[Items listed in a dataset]
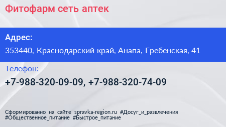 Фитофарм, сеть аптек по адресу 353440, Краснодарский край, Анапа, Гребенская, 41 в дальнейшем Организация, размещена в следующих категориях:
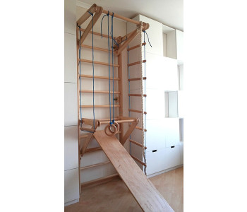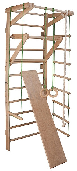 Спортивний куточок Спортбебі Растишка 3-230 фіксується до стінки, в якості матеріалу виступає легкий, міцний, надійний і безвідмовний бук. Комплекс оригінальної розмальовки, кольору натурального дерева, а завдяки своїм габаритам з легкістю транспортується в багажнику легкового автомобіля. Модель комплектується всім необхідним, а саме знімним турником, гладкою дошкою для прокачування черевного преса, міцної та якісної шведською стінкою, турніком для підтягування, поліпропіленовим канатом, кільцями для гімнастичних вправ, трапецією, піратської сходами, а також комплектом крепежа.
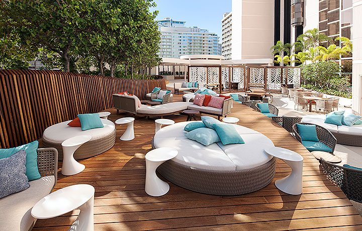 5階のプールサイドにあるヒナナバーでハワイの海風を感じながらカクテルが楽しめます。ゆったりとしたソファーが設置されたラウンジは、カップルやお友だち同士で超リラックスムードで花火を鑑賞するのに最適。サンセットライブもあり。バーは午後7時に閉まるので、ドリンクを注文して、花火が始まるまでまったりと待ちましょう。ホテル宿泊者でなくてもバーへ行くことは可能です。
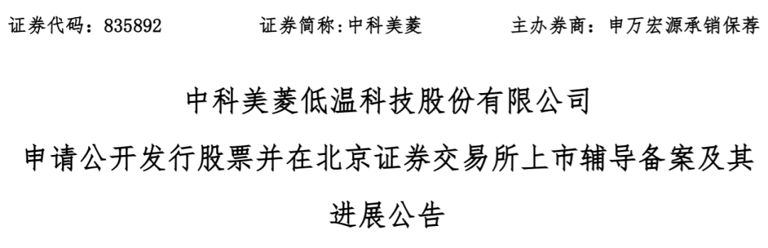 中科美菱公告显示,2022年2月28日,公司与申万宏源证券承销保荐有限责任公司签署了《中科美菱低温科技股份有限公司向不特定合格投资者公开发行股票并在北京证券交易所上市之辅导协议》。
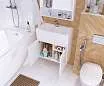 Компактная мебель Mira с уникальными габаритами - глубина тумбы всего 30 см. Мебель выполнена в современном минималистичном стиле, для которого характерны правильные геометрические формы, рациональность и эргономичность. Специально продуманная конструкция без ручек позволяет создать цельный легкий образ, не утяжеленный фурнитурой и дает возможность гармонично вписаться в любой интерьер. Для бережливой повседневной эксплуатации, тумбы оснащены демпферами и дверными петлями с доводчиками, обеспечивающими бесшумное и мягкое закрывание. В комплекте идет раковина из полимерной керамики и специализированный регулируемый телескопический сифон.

* [What you are asked to do]: Transcribe exactly, please, the lines between the start of the records above and the line holding "中科美菱公告显示,2022年", counting both of those lines and omitting pictures.

* [Response to this task]:
 Фитофарм, сеть аптек по адресу 353440, Краснодарский край, Анапа, Гребенская, 41 в дальнейшем Организация, размещена в следующих категориях:
 Спортивний куточок Спортбебі Растишка 3-230 фіксується до стінки, в якості матеріалу виступає легкий, міцний, надійний і безвідмовний бук. Комплекс оригінальної розмальовки, кольору натурального дерева, а завдяки своїм габаритам з легкістю транспортується в багажнику легкового автомобіля. Модель комплектується всім необхідним, а саме знімним турником, гладкою дошкою для прокачування черевного преса, міцної та якісної шведською стінкою, турніком для підтягування, поліпропіленовим канатом, кільцями для гімнастичних вправ, трапецією, піратської сходами, а також комплектом крепежа.
 5階のプールサイドにあるヒナナバーでハワイの海風を感じながらカクテルが楽しめます。ゆったりとしたソファーが設置されたラウンジは、カップルやお友だち同士で超リラックスムードで花火を鑑賞するのに最適。サンセットライブもあり。バーは午後7時に閉まるので、ドリンクを注文して、花火が始まるまでまったりと待ちましょう。ホテル宿泊者でなくてもバーへ行くことは可能です。
 中科美菱公告显示,2022年2月28日,公司与申万宏源证券承销保荐有限责任公司签署了《中科美菱低温科技股份有限公司向不特定合格投资者公开发行股票并在北京证券交易所上市之辅导协议》。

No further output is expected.